Breed Welfare Code of Ethics Breeders take time with prospective puppy buyers to help educate them on the importance of buying from a reputable breeder who does health testing and genetic research into the bloodlines of their breeding stock.  Oftentimes you may hear them say “You may buy a dog cheaper, but you may pay more for the discount dog in the long run in visits to the vet with ongoing health problems”. The first few vet visits for a sick discount puppy  could involve blood work(s) that will exceed the purchase price of the discount puppy.  One thing puppy mills and pet stores count on is that after the sale when you take your sweet puppy home, you are willing to keep this sick puppy and pay the vet bills in order to prevent it from going back to the “breeder”.  The seller many times will guarantee the puppy by saying, “they will replace the sick puppy”. Stop for a moment and ask yourself, would you want another sick puppy from this person?

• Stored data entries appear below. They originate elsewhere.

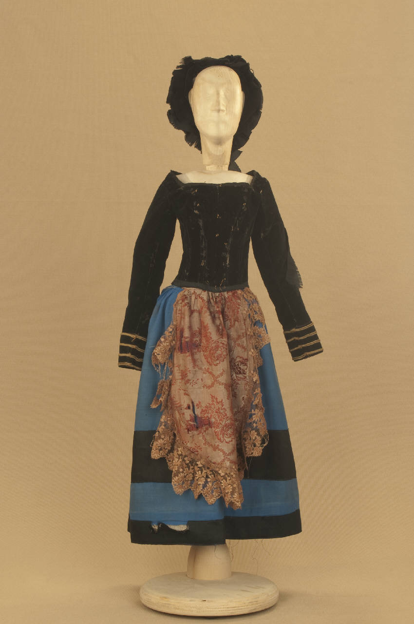 Costume da donna borghese composto da gonna, corpino, grembiule e cuffia.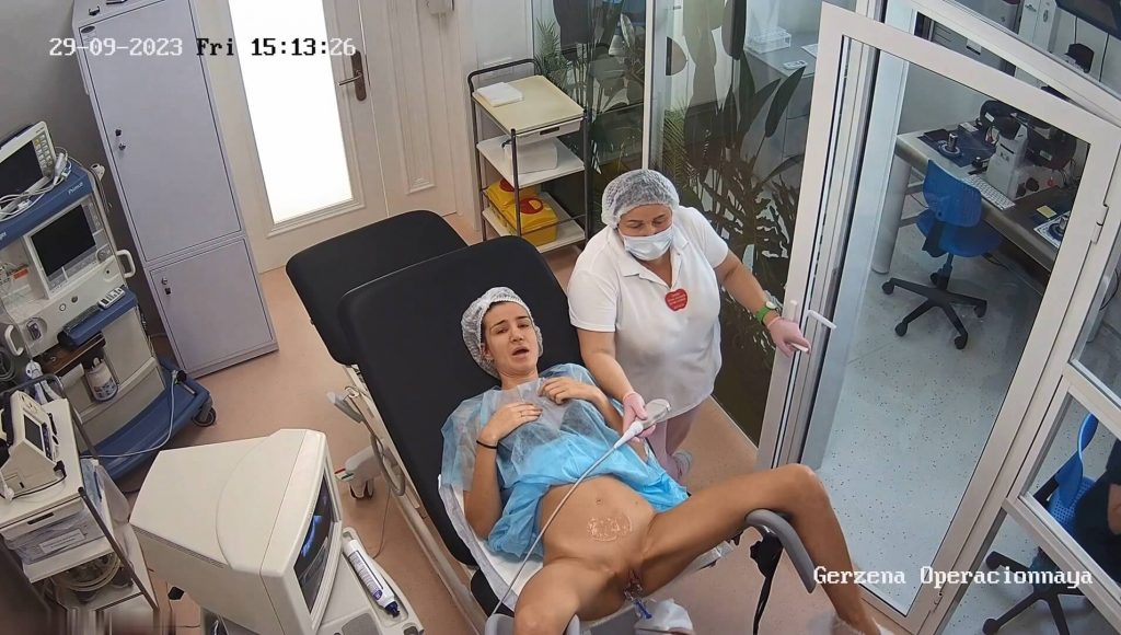 Hidden camera captured the girl lying spread on the exam chair as the doctor slowly pushes the thick ultrasound probe between her tight pussy lips. The lubricated wand slides deep into her slick vaginal canal stretching the walls with firm pressure. She gasps sharply and arches her back feeling every inch invade her sensitive hole. The doctor twists and angles the probe sending intense jolts through her core making her moan uncontrollably. Her body trembles with raw emotion as each movement probes deeper triggering waves of unwanted pleasure and shock.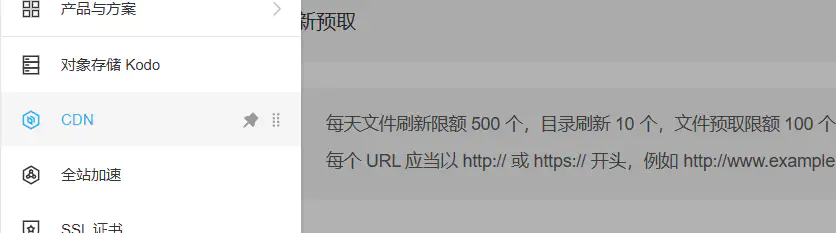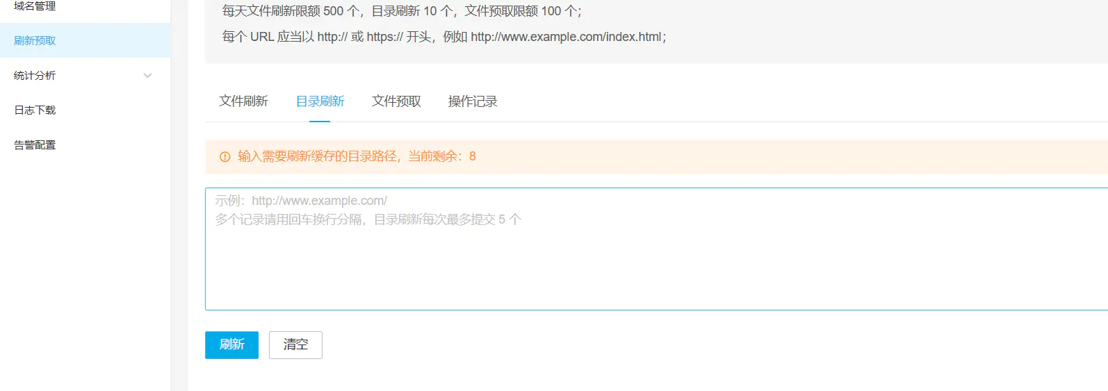 然后我们来到CDN,选择目录刷新,填写好绑定的域名的链接,要加https,例如https://www.example.com/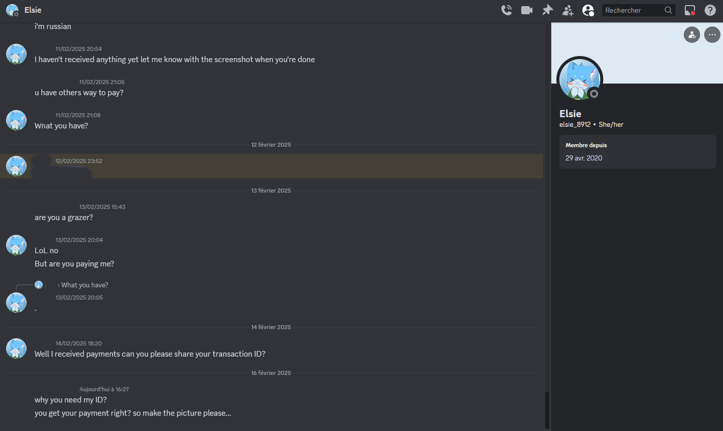 and above all, no matter if it's to join a discord server, or/and to "validate" a payment, do not send your identity card! it's really dangerous because these individuals can usurp your identity.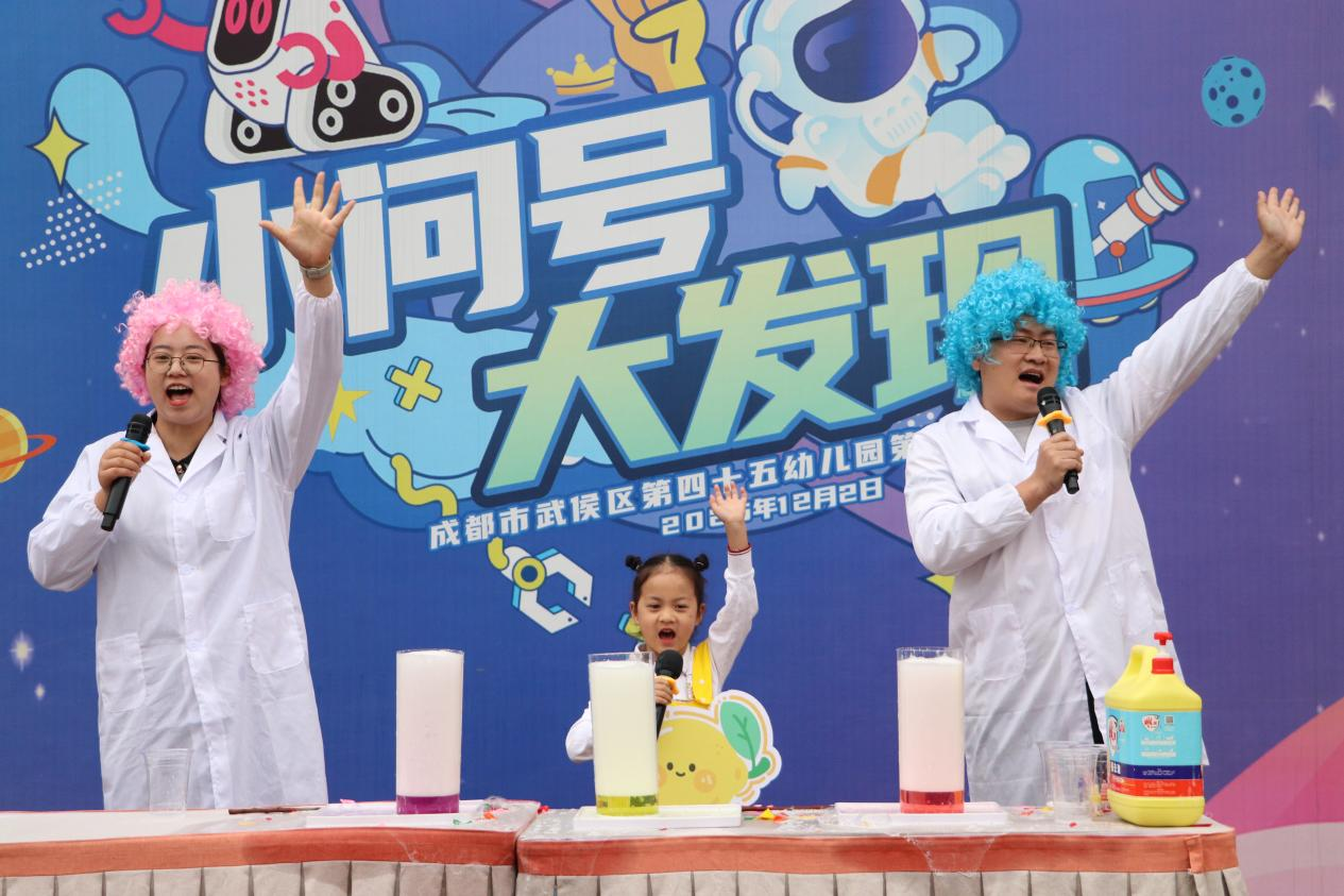 科学秀环节更是趣味十足。柠檬皮与气球相遇发出清脆声响,柠檬酸与小苏打相遇“火山喷发”,彩色泡沫层层涌动。直观有趣的实验让孩子们近距离感受科学魅力,激发探索欲。体智能律动带动全场互动,孩子们跟随节奏欢快舞动,尽显童真活力。

Breed Welfare Code of Ethics Breeders commit themselves to a higher standard of breeding by only breeding the best quality, health tested individuals. While emotionally difficult, a Code of Ethics breeder always places the health of the breed over their personal emotions. Code of Ethics breeders often make the difficult decision to remove a treasured dog from the breeding program because it failed a health screening even if it exhibits no signs of any problems.

Breed Welfare Code of Ethics Breeders breed to preserve the best qualities of the breed, always trying to breed the “perfect dogs”. Keeping the best interests of the breed in mind, as opposed to lining their pockets with profits off the backs of their dogs, is what drives the Code of Ethics breeder.

Breed Welfare Code of Ethics Breeders have a passion to learn as much about the Coton de Tulear as possible, not “in one day” and out the next”. They are in the breed for the long haul.

Breed Welfare Code of Ethics Breeders show and compete with their home bred dogs in order to obtain unbiased professional opinions on their dogs and have opportunities to see them compared to dogs from other kennels. Some also choose to participate in agility, obedience, therapy, doggie dancing, etc. A Breed Welfare Code of Ethics breeders Code of Ethics breeder is involved with their dogs.